Per interview with Unit Secretary (US) E on 07/01/14 at 2:30 PM in the administration boardroom it is E's responsibility to facilitate the transfer. E stated that the house supervisor at the receiving hospital was contacted and the go ahead was given to send pt. #1. E stated physician D was told about the contact with the house supervisor and the approval for transfer. E stated it is expected that the receiving physician would call the sending physician before the transfer is initiated."

Per interview with the receiving hospital's House Supervisor F on 07/07/14 at 11:30 AM the sending hospital called on 06/23/14 and told them they had a patient (#1) who had an unstable AAA. Before F was able to find a physician to accept the transfer of pt. #1 transportation by air was initiated. F stated that the sending hospital was not told to send the patient and no physician to physician contact occurred before the transfer.

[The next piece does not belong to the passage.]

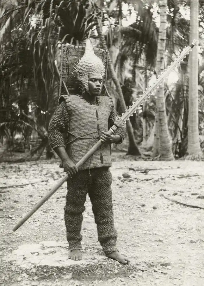 Мужчина в традиционных доспехах Кирибати, около 1925 года

Minutes from a 06/26/14 Emergency Medicine/Urgent Care Meeting at the sending hospital indicated the following; "(ED physician D) discussed a transfer of a patient which occurred yesterday, to (the receiving hospital). His concern was not having contacted an accepting physician prior to the patient's transfer. In regards to the patient in question, he states he was told by the ED Unit Secretary, who spoke to the Nursing Supervisor at (the receiving hospital) to 'send the patient.' However, during the ensuing transfer no physician-to-physician contact was made until the transfer was already in progress. (D) states that he accepts responsibility for not having spoken with an accepting physician prior to the patient's transfer. (D) stated that he spoke to the Emergency Physician on duty at (the receiving hospital)...once the patient was in air transfer."